The Ontario Tobacco Research Unit (OTRU), sponsored by the University of Toronto, the University of Waterloo and the Centre for addiction and Mental Health is a main source of scientific, non-industry funded research about e-cigarettes.
This video produced by OTRU, “To Vape or Not to Vape”, quickly explains some of the research:
The National Academies of Sciences, Engineering, and Medicine has also produced one of the most comprehensive studies to date called The Public Health Consequences of E-Cigarettes. Highlights from that report (available here) indicate:
- “There is conclusive evidence that in addition to nicotine, most e-cigarette products contain and emit numerous potentially toxic substances.
- There is substantial evidence that except for nicotine, under typical conditions of use, exposure to potentially toxic substances from e-cigarettes is significantly lower compared with combustible tobacco cigarettes.
- There is conclusive evidence that e-cigarette devices can explode and cause burns and projectile injuries. Such risk is significantly increased when batteries are of poor quality, stored improperly, or modified by users.

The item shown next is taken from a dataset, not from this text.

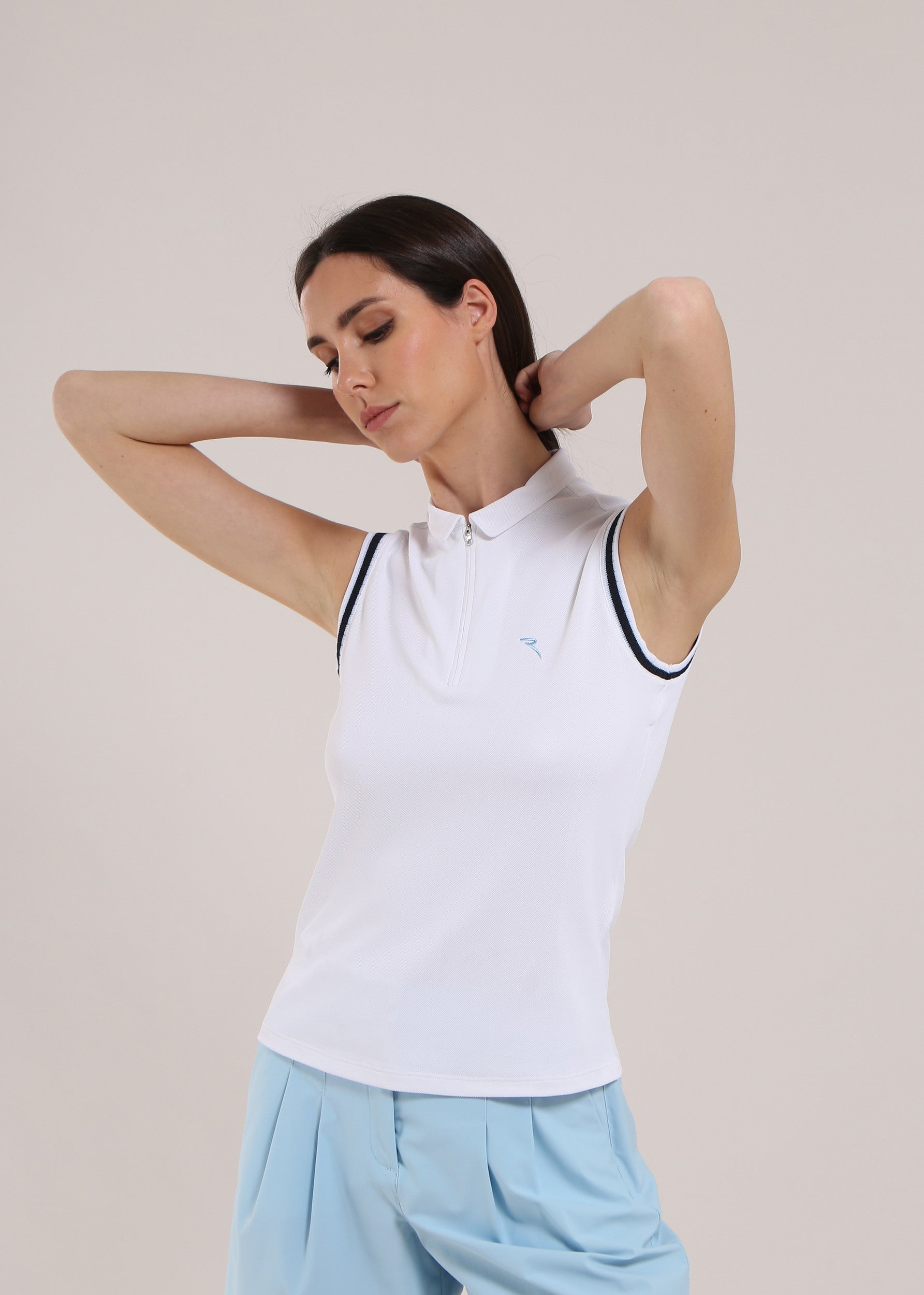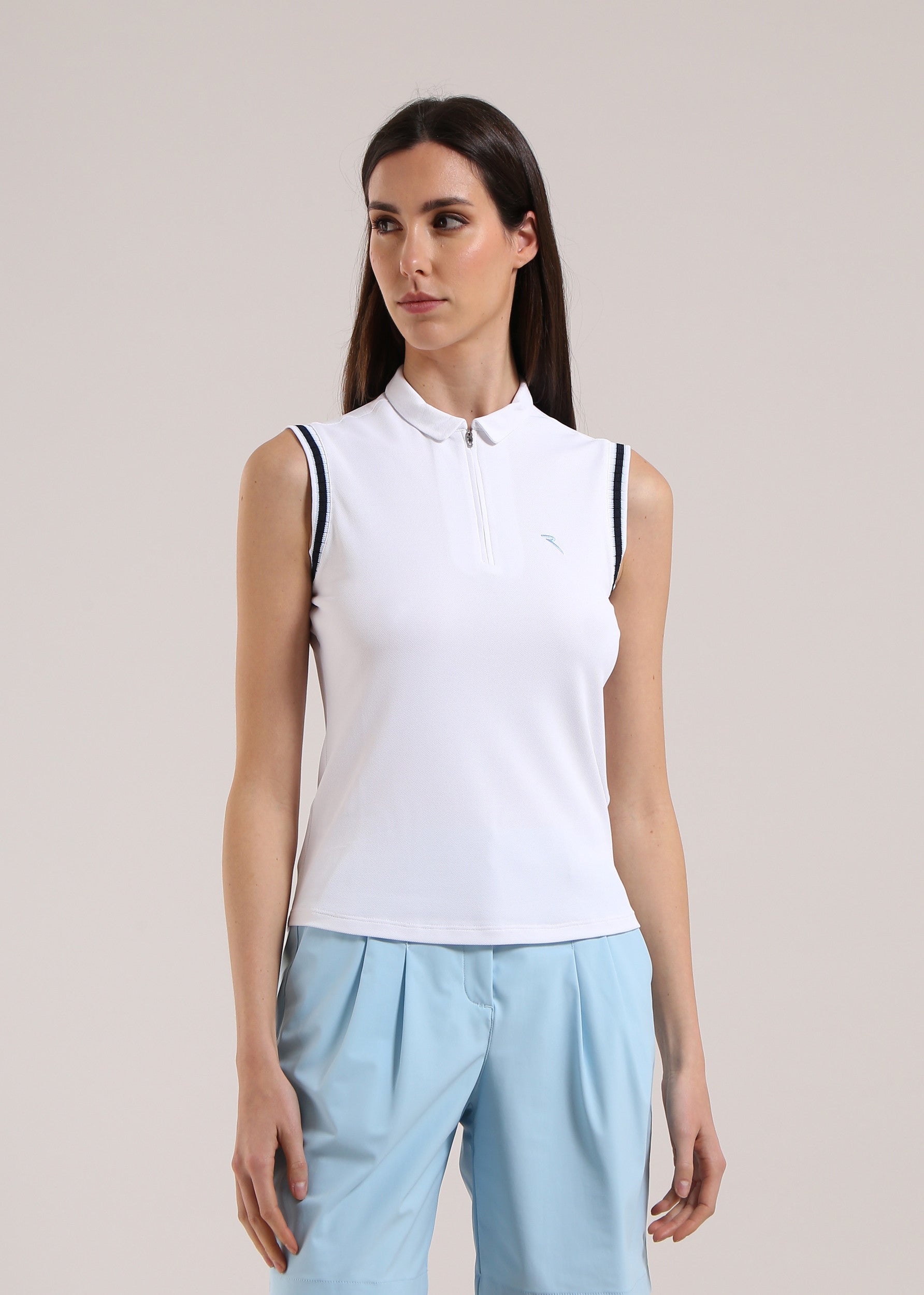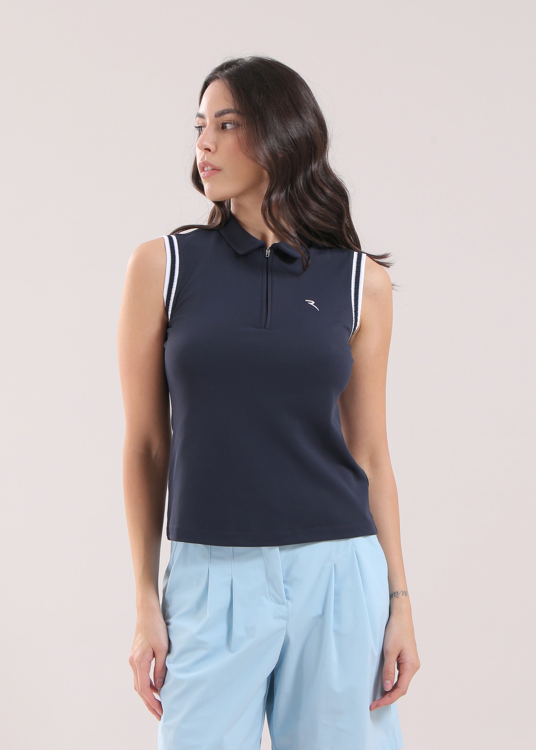 ASTUZIA is a sleeveless stretch piqué polo featuring Dry-Matic technology, designed to enhance breathability and deliver lasting comfort even on the hottest days.

- There is conclusive evidence that completely substituting e-cigarettes for combustible tobacco cigarettes reduces users’ exposure to numerous toxicants and carcinogens present in combustible tobacco cigarettes.”
- Non-smokers should not vape
- Vaping is likely far less harmful that smoking
- Some smokers may quit using e-cigarettes
- E-cigarettes are NOT a silver bullet
What is in e-juice?
Generally, e-juice (the liquid substance put in an e-cigarette or vape) contains these main ingredients: vegetable glycerin, propylene glycol, flavours, and nicotine.
One thing that the Centre for Disease Control notes is that “it is difficult for consumers to know what e-cigarette products contain. For example, some e-cigarettes marketed as containing zero percent nicotine have been found to contain nicotine.”
There are more than 7,000 flavours of e-juice available to lure young Canadians and kids. These range from cotton candy to chocolate or mango. Young people are drawn to flavours more than any other group. In fact, more than 83 per cent of young e-cigarette users (15-19 years of age) report using fruit and candy/dessert flavoured vapes. Dressing up a nicotine-based product with candy and dessert flavoured names hides the product’s harm and increases its appeal. There is more to flavoured e-juices than hides behind the vapour. #GetTheScoop
Visit lung.ca/vaping for more information about the harms of vaping.” (Ontario Lung Association)
Can my child become addicted to e-cigarettes?
- “There is substantial evidence that e-cigarette use results in symptoms of dependence on e-cigarettes.”
Does vaping lead to smoking?
There are many major studies that conclude that youth that use e-cigarettes are more likely to use conventional cigarettes:
- The National Academies of Sciences, Engineering, and Medicines report concludes that “There is substantial evidence that e-cigarette use increases risk of ever using combustible tobacco cigarettes among youth and young adults.”
- The Propel Centre for Population Health at the University of Waterloo found that students who vape are at twice the risk for smoking conventional cigarettes
- “Since e-cigarettes came on the market there has been a debate about whether their use may lead to cigarette smoking,” said Bruce Baskerville, co-author on the study and a researcher at the Propel Centre for Population Health Impact at the University of Waterloo. “The answer among adolescents is yes.”
- The Centre for Disease Control states that “Young people who use e-cigarettes may be more likely to smoke cigarettes in the future.”
What laws affect e-cigarettes?
Provincially: The Smoke-Free Ontario Act regulates the use of cigarettes, e-cigarettes, and medicinal cannabis use. You have to be 19 years of age to purchase an e-cigarette in Ontario.
Locally: Bylaw 18-114 prohibits the use of e-cigarettes in most public spaces including at parks, playgrounds, beaches, splash pads, and sports fields. Fines can be levied by Tobacco Enforcement Officers, police officers, and bylaw officers. The Townships of Selwyn, Douro-Dummer, and Cavan Monaghan also have bylaws that protect residents and visitors from second-hand smoke and vapour.